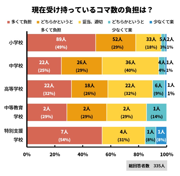 小学校教員の8割、全校種で約半数が現状は負担と回答。校種によって異なる実情が。
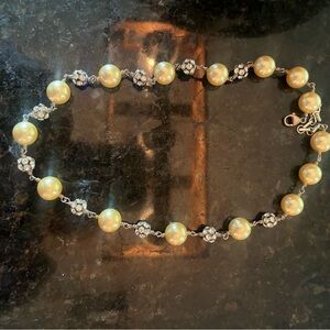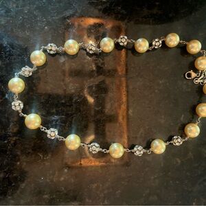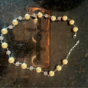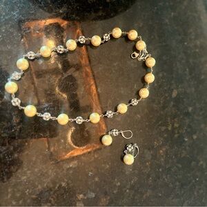 This exquisite hand made jewelry set features lustrous gold pearls paired with elegant crystal silver accents. Perfect for adding a touch of sophistication to any outfit. Necklace and Earrings
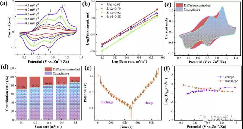 圖5(a)不同掃描速率下的CV曲線(b)從CV掃描中提取的特定峰值電流下的log(i)和log(v)圖(c,d)表面電容與擴(kuò)散控制電極之間的貢獻(xiàn)比(e,f)首次充放電過程中GITT曲線以及陰極材料對應(yīng)的Zn2+擴(kuò)散系數(shù)與Zn2+/Zn的關(guān)系
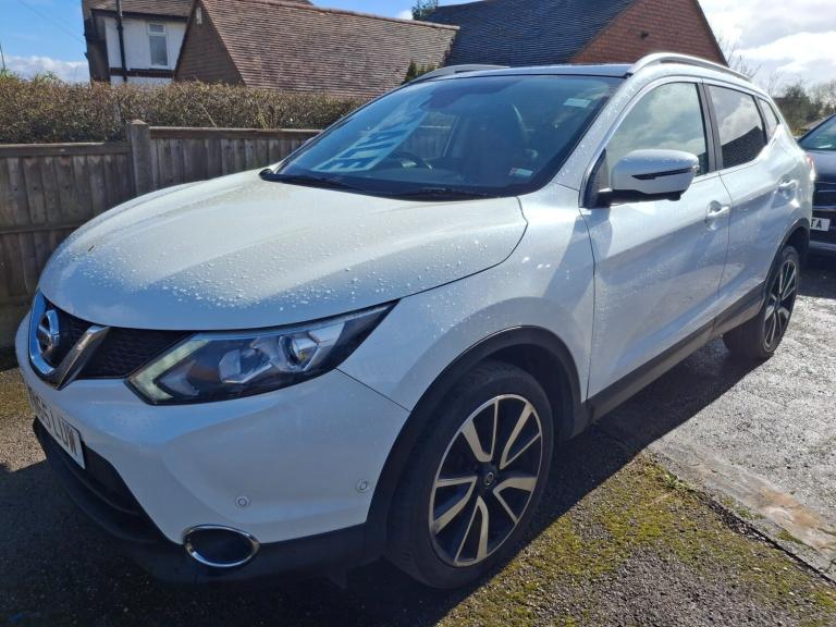 A GREAT LOOKING TOP SPEC QASHQAI IN THE WHITE WITH NICE ALLOYS......ONLY TWO FORMER KEEPERS ON THIS ONE AND WITH VERY SENSIBLE MILES PLUS IT'S SUPPLIED WITH 5 SERVICE STAMPS......A HIGH SPEC MODEL WHICH INCLUDES THE......SATELLITE NAVIGATION SYSTEM....BLUETOOTH PHONE CONNECTION......REVERSING CAMERA....ELECTRIC HANDBRAKE......FULL LEATHER HEATED SEATS.....PANORAMIC GLASS ROOF.....PLUS IT'S 6 SPEED FOR EXTRA ECONOMY......DEFINITELY PRICED TO SELL...... ALL CARS SUPPLIED WITH 12 mths M.O.T. ENGINE OIL AND FILTER CHANGE + ANY TEST DRIVE OR INSPECTION , IF YOU WANT TO FINANCE ANY CAR PLEASE CLICK ON THE FINANCE TAB AND FILL IN OUR ONLINE APPLICATION FORM AND SEND IT TO US WHATEVER YOUR CIRCUMSTANCES .....

------------------------------------------------------------

- EXERCISE OBJECTIVE:
A verbatim copy of the material is needed; pictures are not to appear in it.

- REPLY TO THE EXERCISE:
 小学校教員の8割、全校種で約半数が現状は負担と回答。校種によって異なる実情が。
 This exquisite hand made jewelry set features lustrous gold pearls paired with elegant crystal silver accents. Perfect for adding a touch of sophistication to any outfit. Necklace and Earrings
 圖5(a)不同掃描速率下的CV曲線(b)從CV掃描中提取的特定峰值電流下的log(i)和log(v)圖(c,d)表面電容與擴(kuò)散控制電極之間的貢獻(xiàn)比(e,f)首次充放電過程中GITT曲線以及陰極材料對應(yīng)的Zn2+擴(kuò)散系數(shù)與Zn2+/Zn的關(guān)系
 A GREAT LOOKING TOP SPEC QASHQAI IN THE WHITE WITH NICE ALLOYS......ONLY TWO FORMER KEEPERS ON THIS ONE AND WITH VERY SENSIBLE MILES PLUS IT'S SUPPLIED WITH 5 SERVICE STAMPS......A HIGH SPEC MODEL WHICH INCLUDES THE......SATELLITE NAVIGATION SYSTEM....BLUETOOTH PHONE CONNECTION......REVERSING CAMERA....ELECTRIC HANDBRAKE......FULL LEATHER HEATED SEATS.....PANORAMIC GLASS ROOF.....PLUS IT'S 6 SPEED FOR EXTRA ECONOMY......DEFINITELY PRICED TO SELL...... ALL CARS SUPPLIED WITH 12 mths M.O.T. ENGINE OIL AND FILTER CHANGE + ANY TEST DRIVE OR INSPECTION , IF YOU WANT TO FINANCE ANY CAR PLEASE CLICK ON THE FINANCE TAB AND FILL IN OUR ONLINE APPLICATION FORM AND SEND IT TO US WHATEVER YOUR CIRCUMSTANCES .....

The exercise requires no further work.